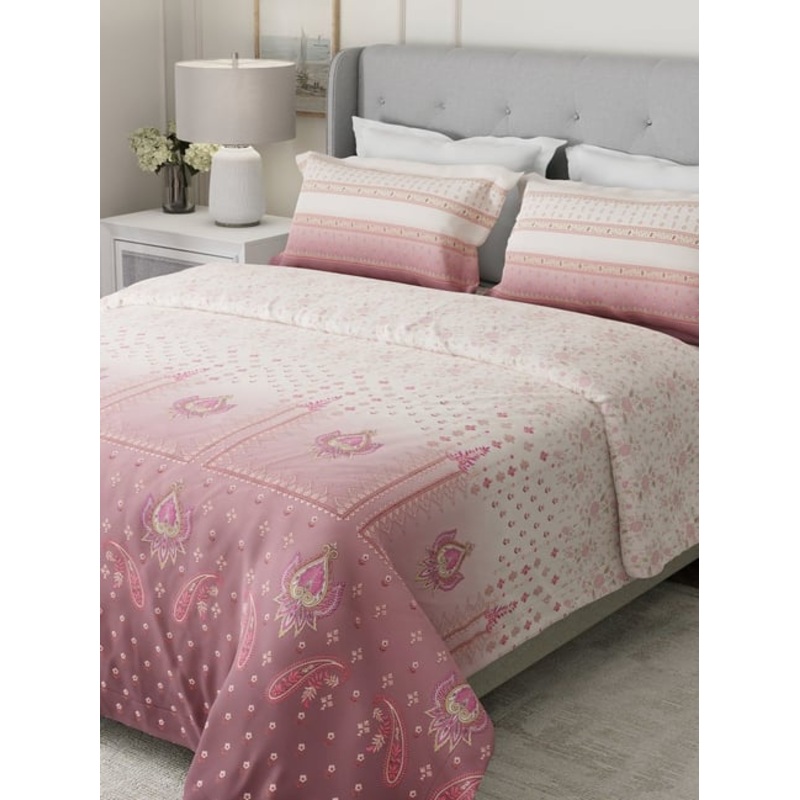 Boutique Living Gardenia Augusta Pink & White Cotton Ethnic 300 TC King Bedsheet with 2 Pillow Cover
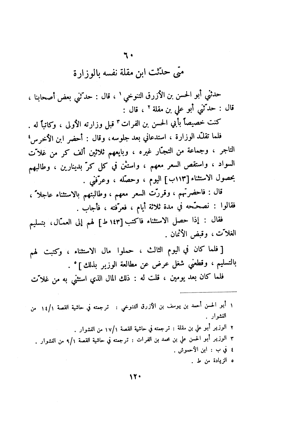 فلما تقلّد الوزارة، استدعاني بعد جلوسه، وقال: أحضر ابن الأخرس «4» التاجر، وجماعة من التجّار غيره، وبايعهم ثلاثين ألف كر من غلّات السواد، واستقص السعر معهم، واستثن في كل كرّ بدينارين، وطالبهم بحصول الاستثناء [113 ب] اليوم، وحصّله، وعرّفني.
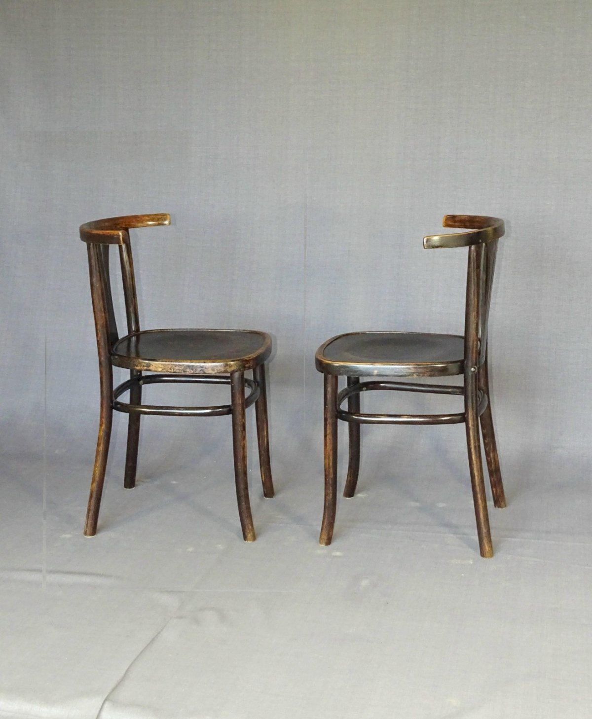 Pair of very "bistro" chairs from the 1930s/39s by the Polish company Czerski and Jakimowicz, well-known for its production of thermoformed plywood and a supplier to major bent wood manufacturers in Western Europe. The model offered here is featured in many catalogs, but it has the particularity of being equipped with a rectangular seat that gives it a certain class and, in any case, great comfort. Remarkable proportions. Very good original condition. Dimensions: Total height: 78 cm - seat height: 47.5 cm - width: 43 cm - seat: 41x39 cm. More photos and information available upon request. Shipping within France and Europe or pickup in Alsace. Condition: Used. Item has been used. Item shows some superficial wear marks, fully operational and functioning correctly. It may be a demonstration model or an item returned to the store after a short period of use. Any imperfections. Color: Brown Brand: Czerski Jakimowicz Type: Chair Height: 78 Length: 45 cm Width: 43.

################

= About this exercise =
Exactly the lines from the top of the listing through the line with "فلما تقلّد الوزارة،", and no pictures, should be printed.

= Your response =
 Boutique Living Gardenia Augusta Pink & White Cotton Ethnic 300 TC King Bedsheet with 2 Pillow Cover
 فلما تقلّد الوزارة، استدعاني بعد جلوسه، وقال: أحضر ابن الأخرس «4» التاجر، وجماعة من التجّار غيره، وبايعهم ثلاثين ألف كر من غلّات السواد، واستقص السعر معهم، واستثن في كل كرّ بدينارين، وطالبهم بحصول الاستثناء [113 ب] اليوم، وحصّله، وعرّفني.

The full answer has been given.